E Howard Hunt | August 18, 2024 at 1:40 pm

While God tempers the wind to the shorn lamb, politicians fleece their sheepish constituents.

if you think the wind blades, the solar panels and the lithium batteries will be a bear in the future – not a drop in the bucket compared to the “decommissioned” nuclear Navy ships… subs, cruisers and aircraft carriers…. congress doesn’t know what to do and can’t find contractors to disassemble them and has pushed “dealing with the problem” out 10 years…. they are docked… waiting.

    diver64 in reply to cdsea100. | August 19, 2024 at 6:17 am

    Congress and the Navy know exactly what to do with them and can find contractors to do it. The problem is that spent fuel storage facilities have been blocked by states so until that is dealt with the ships will not be scraped.

The Gentle Grizzly | August 18, 2024 at 1:56 pm

Not in their back yard!

“…but a suspension remains in effect for turbine blades and power generation.”
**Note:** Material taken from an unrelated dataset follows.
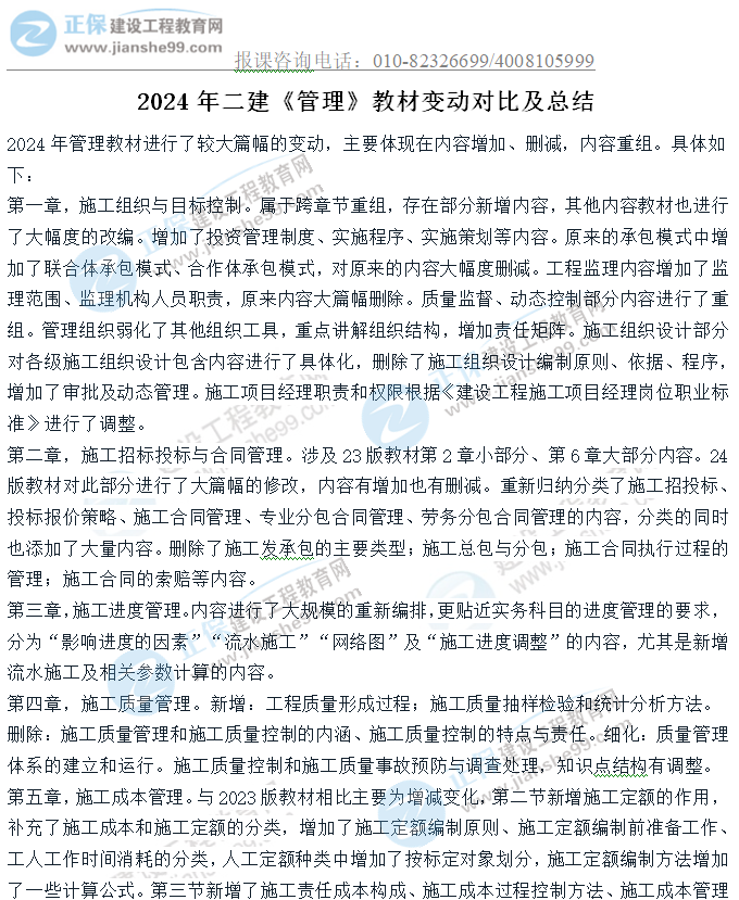 2024年二級(jí)建造師施工管理教材變動(dòng)詳解
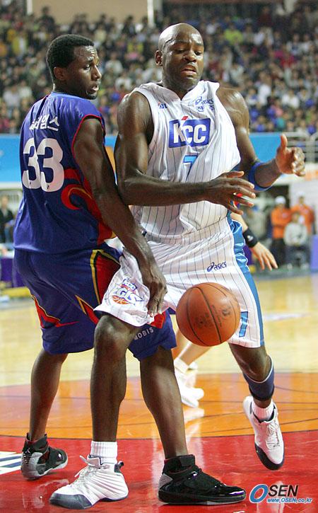 22일 전주 실내체육관에서 벌어진 전주 KCC와 울산 모비스의 경기서 KCC의 찰스 민렌드(오른쪽,194cm)가 모비스의 새 용병 크리스 윌리엄스(193cm)에게 다리가 걸려 공을 놓치고 있다./전주=주지영 기자 jj0jj0@osen.co.kr [Copyright ⓒ OSEN(www.osen.co.kr) 무단전재 및 재배포 금지]

So they can put up the towers and the gear housing and internals ready for power generation at some point when the locals move on to other issues. It’s highly unlikely that there will be any plans to tear down the towers and expensive generation gear once they are installed. It would be much easier to simply mount the blades they probably already have stacked up and ready to use.

It would have been much more effective to put the money to use building something like pebble bed nukes. But Congress didn’t give away our money to build nukes. I’d say “yet”, but how often do congresscritters stumble across a good idea and actually follow through?

They’re not worried about blade failures. They don’t want the things in their backyard, is all.

Soap and then duct tape gets fiberglass off your hands.

Let them live with their errors……

Victor Immature | August 18, 2024 at 2:46 pm

If Jawn Forbes Kerry has a shard attack, maybe something will happen, but MA is full speed ahead.
Interesting Cape May NJ cited this in shutting down their offshore wind project. No thinking person can justify these things, especially not in the ocean for chrissakes.

“He also notes that Nantucket was all in, baby…”
*****
Not totally true…When was in Nantucket many months before the recent events, I was surprised t0 see signs against wind turbines posted around the Island. I assumed it was another example of Progressive “Good for thee, not for me” or NIMBY

All these and other Green Energy plans do not work. Over time they have problems that cannot be fixed, they produce less power, cost more, and are more toxic.

It is not as though anybody ever asked them for permission in the first place.

Dolce Far Niente | August 18, 2024 at 8:55 pm

These green disasters were NEVER intended to actually improve the lives of Americans by producing useable power or even reducing whatever skeery thing the greens talk about today; they are solely to line the pockets of the connected.

Billions in tax dollars, stripped from the productive class by parasite class propaganda about a non-existent problem and a pointless “solution”.

Suburban Farm Guy | August 18, 2024 at 10:23 pm

The true face of Socialism. No stopping it once you voted it in. Relentless. After all, it’s for your own good

Victor Immature | August 19, 2024 at 6:57 am

Whales started washing up dead in numbers not seen before when they started this project.
Not to mention the shallower areas where these are going in are the lifeblood of marine life.

MA Gov told a group of residents peppering her with concerns about these and the “migrant”/crime issues they were confused by “misinformation”…unbridled condescending arrogance.